The Greek Hour

Courtesy of Elisa Vovos

My father’s hometown – or how to learn to act Greek 

There’s this story I’ve stumbled upon several times this summer, in at least three different books I’ve read. It’s about Jonah, an Israelite in the Old Testament. God summons him into becoming a prophet, and long story short, Jonah refuses and ends up being thrown in the sea while he’s on a ship and spends three days and three nights in a whale’s belly.

STUCK IN MY HEAD

I’m not very familiar with religious stories, but here in Athens, in the beginning of September, I can’t stop thinking about it. Maybe it’s because this capital city feels like the giant belly of this giant whale, and I feel like one of the many digested condiments passing through it.

It’s a bizarre feeling, to sense that you are only one amongst many, living in what looks like an endless labyrinth. I’m not saying I don’t like it.  I am glad to finally be living in a big city, but the anonymity I am living in is different than what I expected. 

I decided to move here because this town is a whole part of me that I haven’t discovered yet. My dad was born fifty-eight years ago a few blocks away from the apartment I’m renting. The school my grandmother opened more than five decades ago is on the other side of the hill I climbed two days ago, to get a good look at Athens, and the acropolis, and the sea. 

BEING GREEK

I’ve always felt Greek. I’ve always told people I was Greek. For so many years, it’s been my identity. But here, in this town, asking for coffee at the local coffee shop with my accent – wait, you’re not from here, are you? -, I see it in their eyes that I am not. At least not completely.
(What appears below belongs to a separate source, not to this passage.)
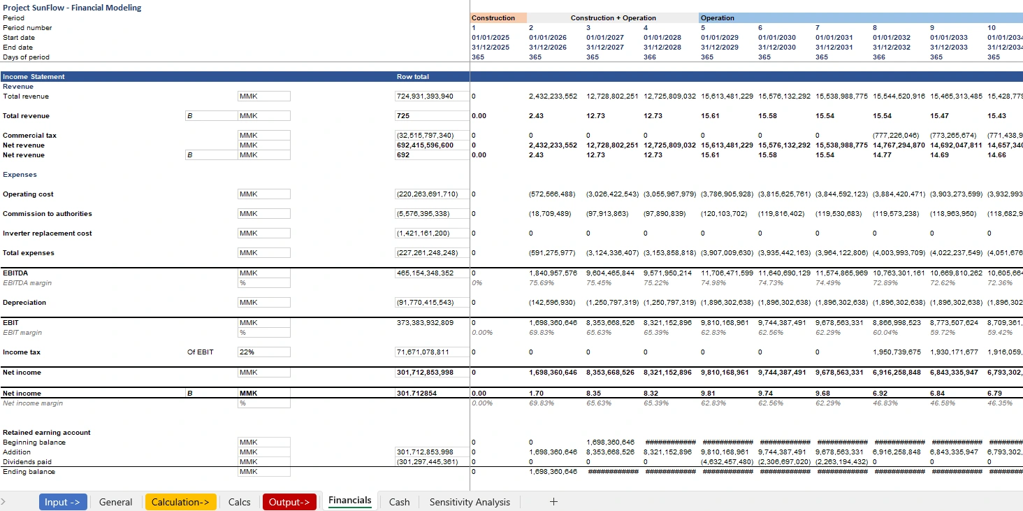 Provided detailed financial projections and viability analysis for a 30-year hybrid power plant concession.

It doesn’t help either to be the only blond in an ocean of brown haired, brown eyed people. And to be the only one sweating when climbing up what seems like the thousand stairs that go up in my neighborhood – I’m sorry I haven’t lived here enough to get climate adapted. Anonymity is thus, for me, half lived. 

It’s a whole enterprise, to be moving to a new town. An enterprise of seduction, surely. Walking in the streets of the historically intellectual and anarchist neighborhood of Exarchia, which is located on the southern part of Mount Lycabettus, the heavy warm air crushing your face, you understand there’s been life here, and that you weren’t there when it sparked.

other eyes

The black and white graffiti of this writer you don’t know stares down at you, and you feel sorry that you don’t know him, and you stop in front of every explanatory sign, trying to get as much as possible in.
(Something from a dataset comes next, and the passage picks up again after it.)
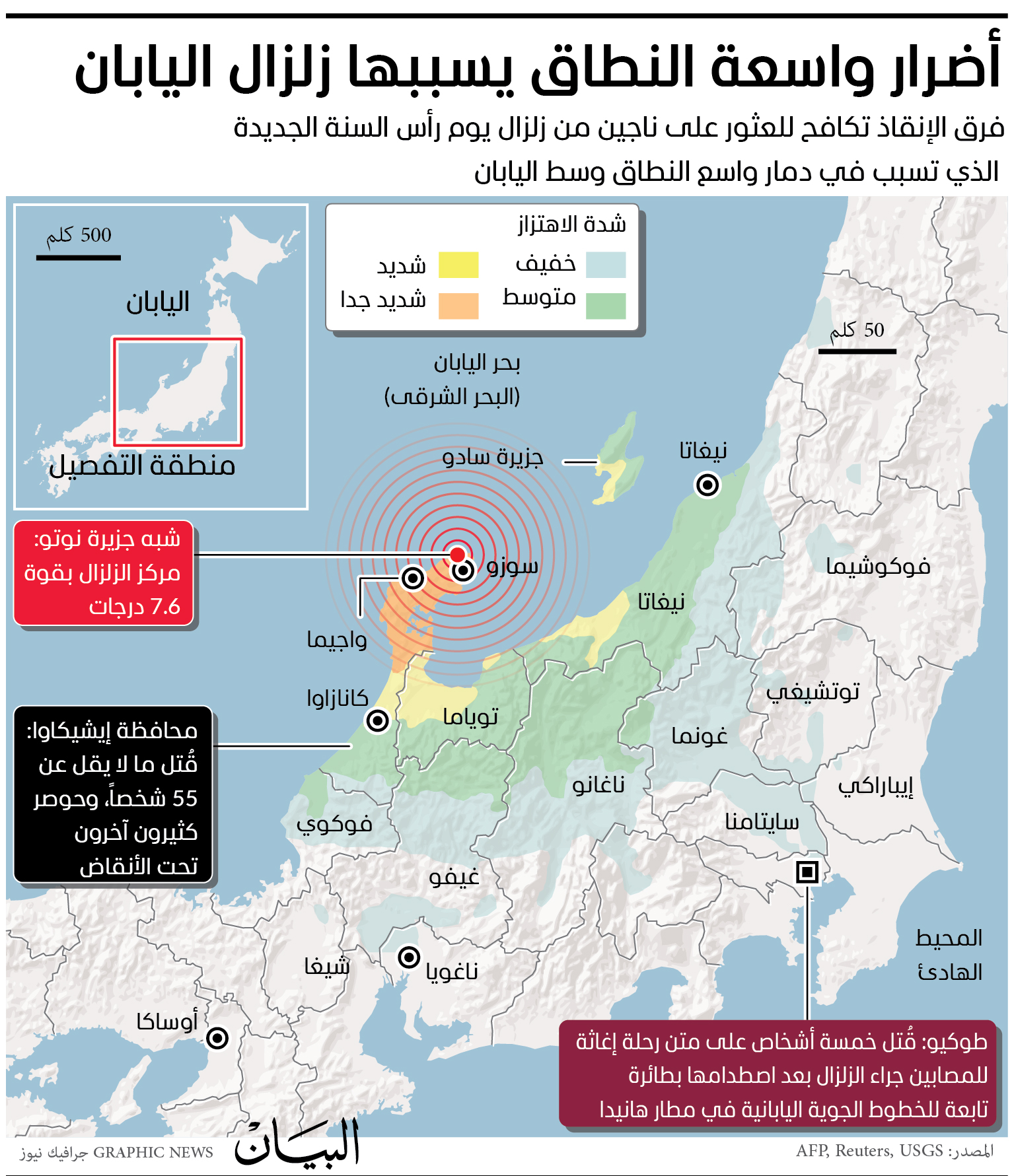 ووقع الزلزال الذي أشارت التقارير الأولية إلى أن قوته 7.6 درجة بعد ظهر يوم الاثنين في شبه جزيرة نوتو وتسبب في تسوية منازل بالأرض وعزل مناطق نائية عن مساعدات سكانها في أمس الحاجة إليها.

And you feel guilty sitting down at this alternative bar where people your age, no a bit older, are reading books and writing in their journals – you do the same, but it doesn’t feel genuine – are you stealing someone else’s place? Moving into a new town feels like being an imposter in a new romantic relationship, and the thing with towns is that the problem is not them, it’s you. 

But seduction is a two-way street.

other people

Athens by night reminds you of that – and walking in the alleys under the Acropolis to join my newfound friends for a beer, it doesn’t feel like the city is trying to swallow me, rather, it is spilling out everything it can, everything it has, trying to get my attention, from the music blasting out of rooftops and the drunk waiter smiling, telling me how much he would love to go to Paris, and the soft  hands of Greek girls welcoming me at their tables – you need, you need to go to that nightclub with us! 

The next morning my headache is huge, but the cold caffé I’ve managed to order in my broken Greek works its way through my veins, and for a moment there, with my sunglasses hiding the bags under my eyes, I smile. I smile, and wonder if next time, I will manage to tell them I want a coffee without cow milk, which neighborhood I will get to lose myself in today, and which person will ask me – well, your accent is excellent, but you’re not from here are you? 

acclimatizing

I guess it took Jonah three days and three nights to understand his fate. After all, maybe one needs to be swallowed into the dark to understand where the light is coming from. Spoiler alert, it doesn’t always come from outside. 

About the Article

A look at revisiting and reuniting with ones Greek heritage.